Use Case Implementation Guide:

Care Plan-ICBR Use Case Implementation Guide

The “Persona” Story

Alex Gonzales is a 53-year-old disabled father of three boys. Alex was recently laid off from his job as an auto mechanic and is now considering relocating his family to an area with more job opportunities. Alex struggled physically and financially after a motorcycle accident left him disabled and clinically depressed. Always having been a deeply private and proud man, Alex believes no one has any business interfering in his life or the life of his boys. Asking for help from social services and MI Health Link was one of the hardest things Alex ever had to do, but he knew he had to set aside his pride to give his boys the future they deserved.

Alex had a lot to consider when it came to moving his family to a new town. Of note, he had been receiving behavioral health, rehabilitation, and primary care services from an ICO in Southeastern Michigan for the last year. Having just built up trust and rapport with his current healthcare providers, Alex didn’t like the idea of sharing his health information with strangers at a new ICO. Alex also read something on the internet about mental illnesses preventing individuals from owning guns and worries that he might be disqualified from renewing his gun license because of his Xanax prescription. Alex feared the government would take his guns away if his medication information was given to anyone else.

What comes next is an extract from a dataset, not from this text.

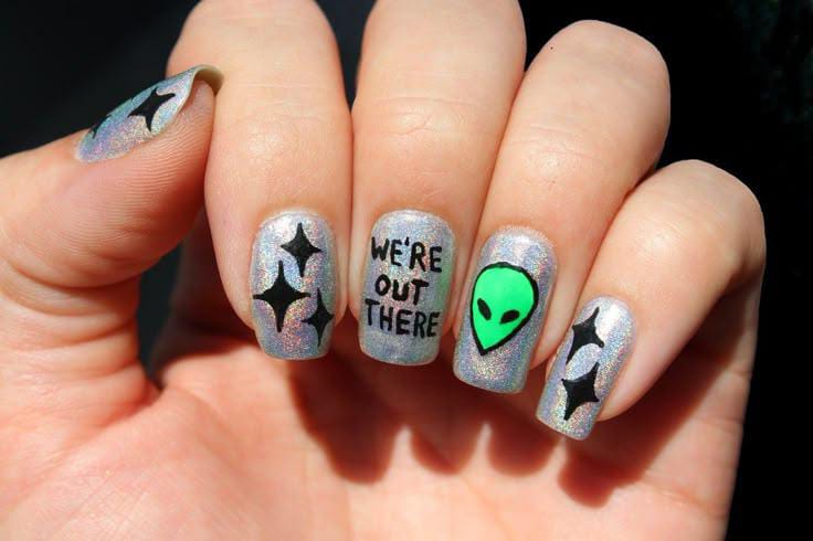 Silver holographic nails with black starbursts, a bright green alien face, and text for a fun, futuristic statement.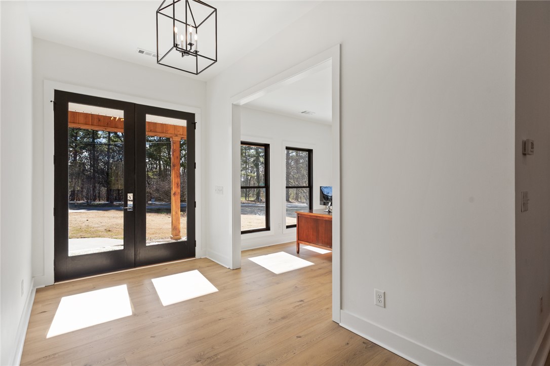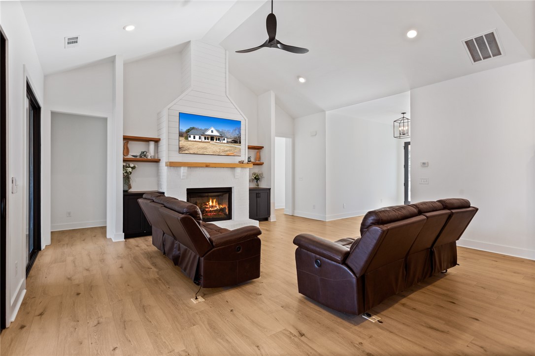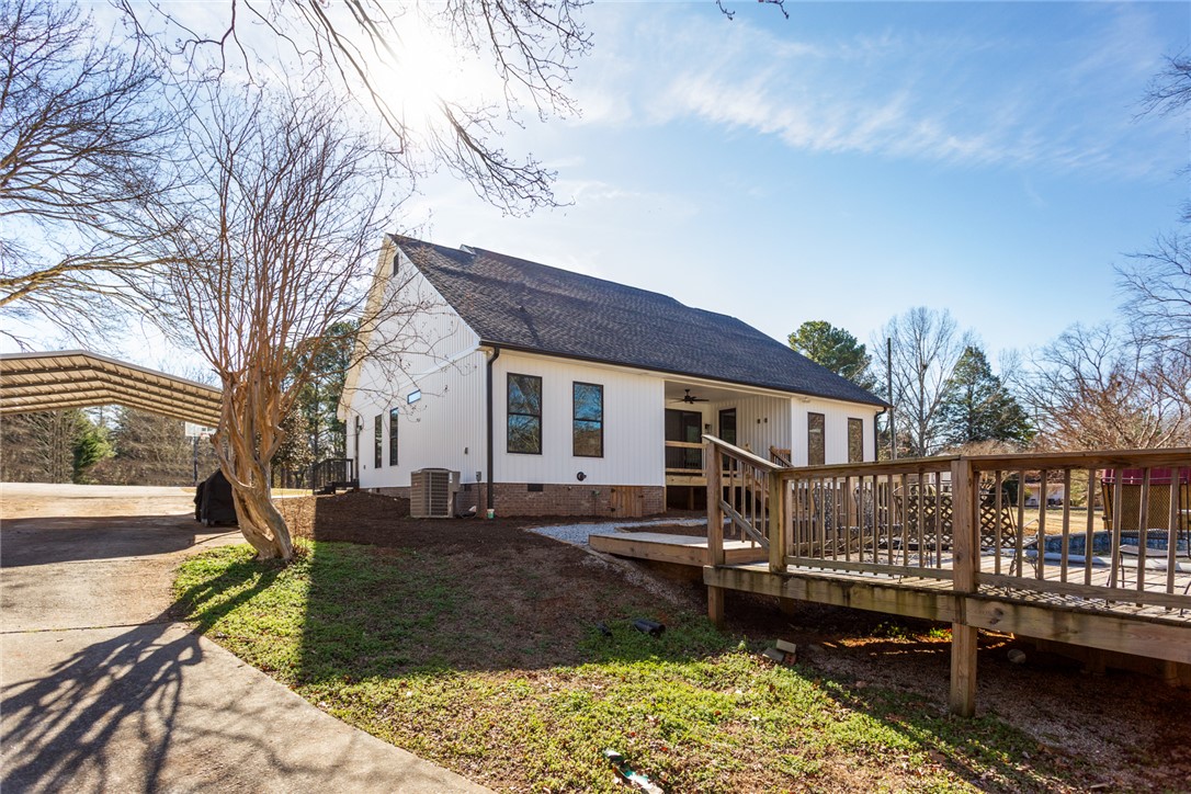 Welcome home to this custom built modern farmhouse on 2 plus acres outside city limits. Step up onto the concrete front porch with cedar columns and enter into your dream home via the double 8ft doors. To the left of the spacious foyer is an office that could easily be used as a dining room, play room or turned into a 4th bedroom by adding a closet & door. Looking into the large open living area, your eye is drawn to the vaulted 14 ft ceiling. The unique custom designed gas log fireplace provides warmth and old world charm. Flanked by cabinets and cedar shelving to display your favorite decor pieces. The 8ft sliders that open onto the covered porch that is perfect for enjoying your morning coffee or your end of the day beverages as you ponder the day looking out over your above ground pool . Back in the kitchen the 10.5 ft island provides lots of prep space for cooking and entertaining, quartz countertops allow for easy clean up and care . Double ovens are perfect for cooking for large gatherings. The gas cooktop & stainless steel hood give this chef’s kitchen a professional appeal and the walk in pantry provides plenty of storage.The dining area is surrounded by roll out windows perfect for enjoying warmer weather.The 8ft door leading to the master suite offers a large closet with natural lighting and plenty of room to store everything! That’s not all , don’t forget the soaking tub and large walk in shower.The split bedroom floor plan offers privacy but not seclusion . Two ample size bedrooms share a full bath and down the hall is a powder room perfect for guests. A large storage closet to help keep the main house neat and tidy and the large laundry room with cabinets and sink are a dream! The tankless hot water makes sure you have instant hot water even shower after shower! Two large outbuildings that are wired, one with roll up doors to house all your outdoor equipment are also included. Schedule your showing today!

Alex shared these fears with his care coordinator, Jason, who explained that the behavioral health information in Alex’s care plan would only be shared with authorized members of his ICO team securely. Jason told Alex he has the right to specify which behavioral health information he would not like shared, but he also clarified that the new care team can provide better care if they know the full extent of Alex’s medical needs and care goals.

Alex felt more comfortable knowing that his previous and new care teams are committed to working together on his care and that they fully respect his privacy. Jason’s thoughtful explanations bolstered Alex’s resolve to make the move to a new town and develop a trusted relationship with the new ICO in that area.

When Alex finds a new home and with his permission, his information will be transferred securely and privately to his new ICO care team so they can continue his treatment seamlessly. Alex can then focus his energy on his family and finding a good job while his new care team is hard at work addressing his healthcare needs.